Standards FAQ Details


Adverse Tissue Reaction Policies
Updated | October 01, 2010
Q:  What is The Joint Commission looking for in adverse tissue reaction policies?

A:  Policies addressing the investigation of adverse tissue reactions should define two essential processes:

  1. Reporting potential disease transmission from the donor source facility to the patient, and
  2. Reporting adverse patient reactions to the donor source facility.

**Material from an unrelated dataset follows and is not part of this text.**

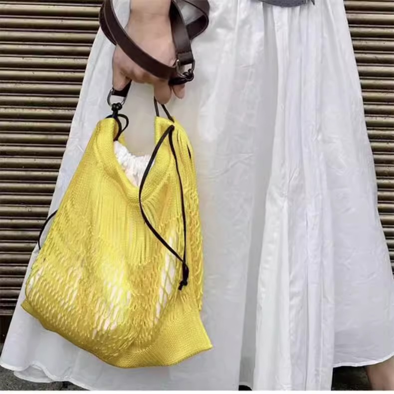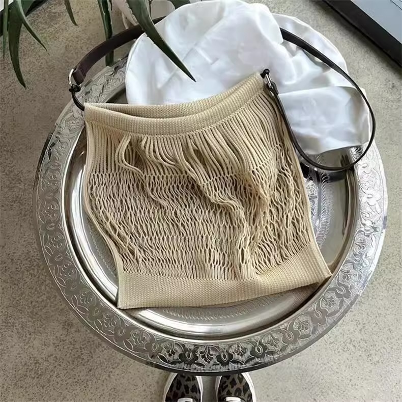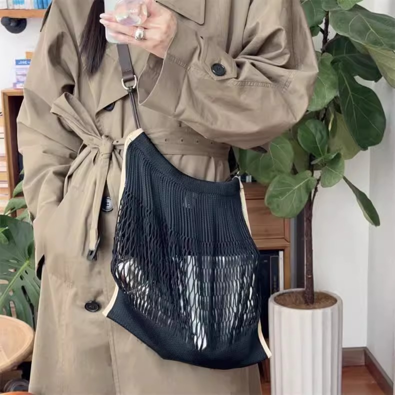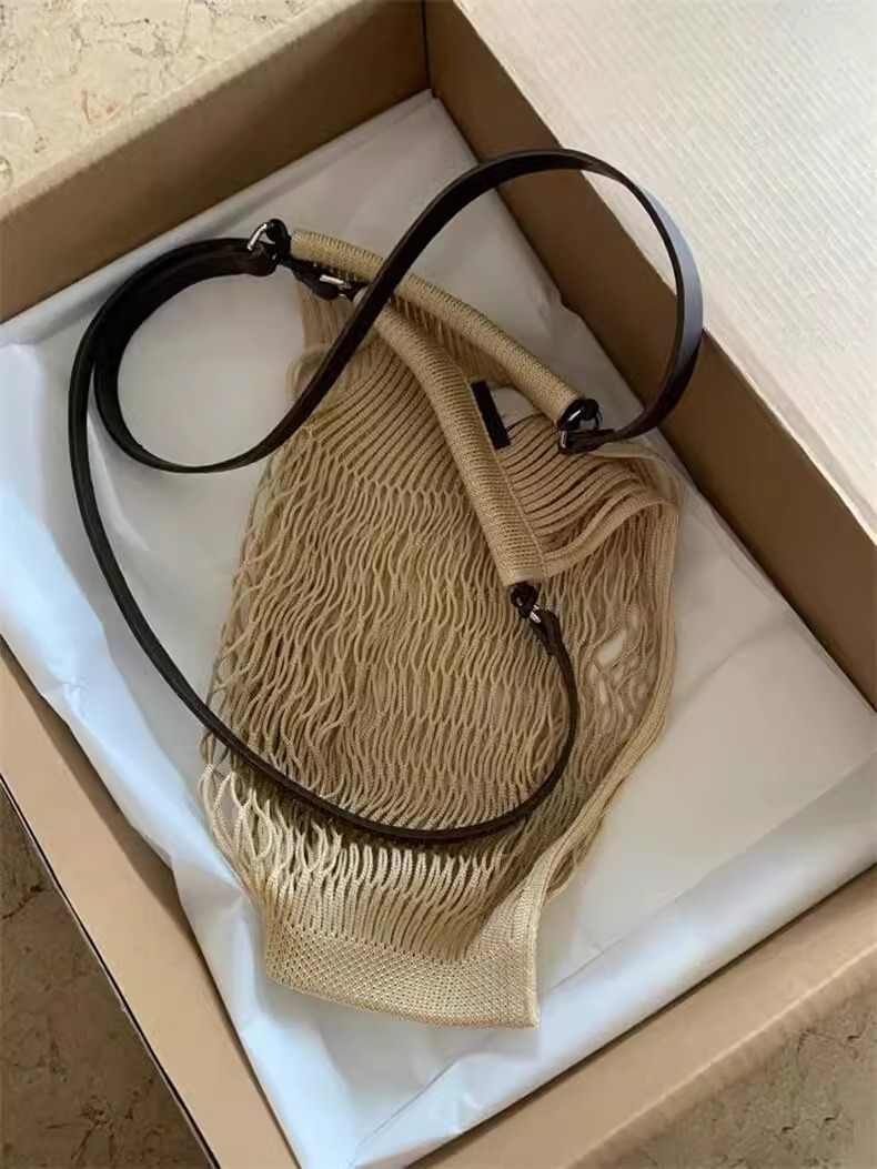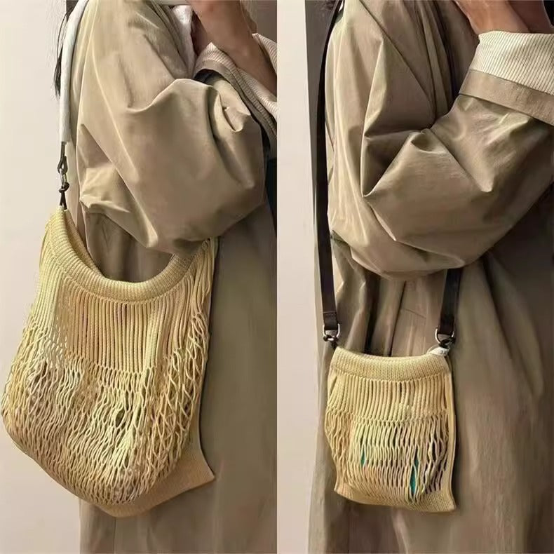 夏日沙滩包小众设计编织网兜镂空购物袋男女同款大容量单肩斜跨包

Reporting: Donor Source Facility to Patient

The Joint Commission encourages facilities to develop reporting policies comparable to the "look back" procedures required for investigation of potential disease transmission in blood products.  For example, this would include receipt of notification from the donor facility, determination of disposition, quarantine of donations in inventory from the indicated source, disposal, and notification of the recipient(s).  The policy should specifically address HIV, HTLV-I/II, HBV and HCV, as well as other transmissible diseases, such as bacteria or fungus.  Policies should define the timeframe for notification, the number of attempts required, and the notification procedure when the patient is deceased.  References for policy development include the Centers for Medicare and Medicaid Services Conditions of Participation for Hospitals [42 CFR 482.27(c)(4-8)] and theFDA’s Guidance for Industry for blood establishments with regards to patient notification for HIV and HCV, respectively.

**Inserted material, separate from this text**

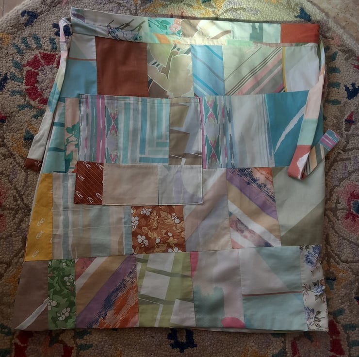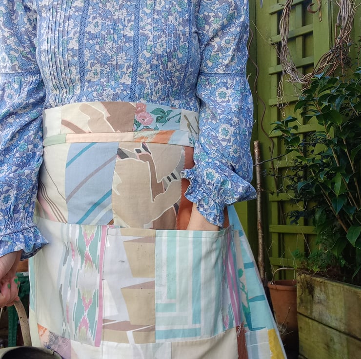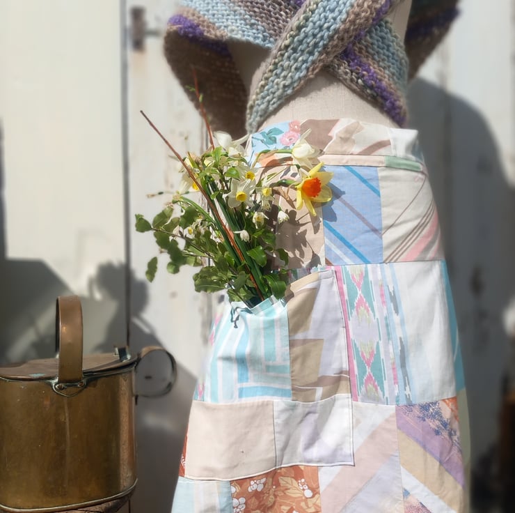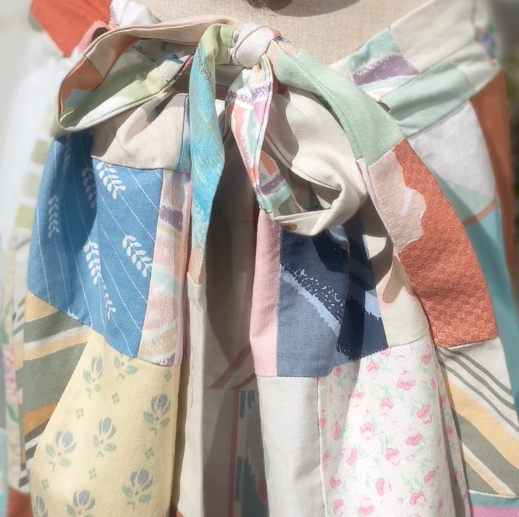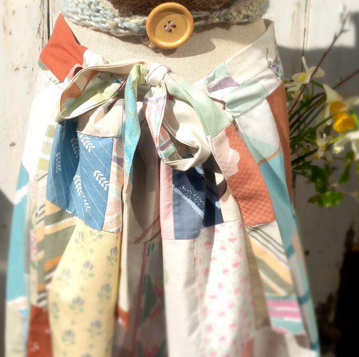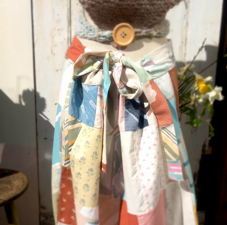 In beautiful packwork vintage fabric taken from my own skirt patten. It has an adjustable waist as it pulls to a gather at the back. To extend the length wear a petticoat under neath showing . All seams are overlocked. A big oversized pocket at the front. Wide comfortable waist band. Waist 64 cm cm.wide that pulls together to tie at the back. Length 77cm

Reporting: Patient to Donor Source Facility

Similar to The Joint Commission requirements for suspected transfusion reactions, organizations need to develop policies and procedures for suspected tissue reactions.  The process should be detailed and address criteria for identifying a suspected adverse tissue reaction, initial reporting internally, documented investigation of the complication, and prompt reporting to the donor source facility.  When developing their process, organizations should keep in mind that symptoms of an adverse reaction could present as an acute or chronic condition (ex. fever versus hepatitis).  Other examples of adverse reactions or complications could include, but are not limited to, infection (viral, bacterial, fungal), graft failure, or immune response to the tissue.  Organization's can work with their donor source facilities to establish their reporting policies. Interested organizations may wish to review the FDA regulations for Current Good Tissue Practice or participate inMedWatch, the FDA’s reporting system for adverse events, product use errors and product quality problems associated with medical products.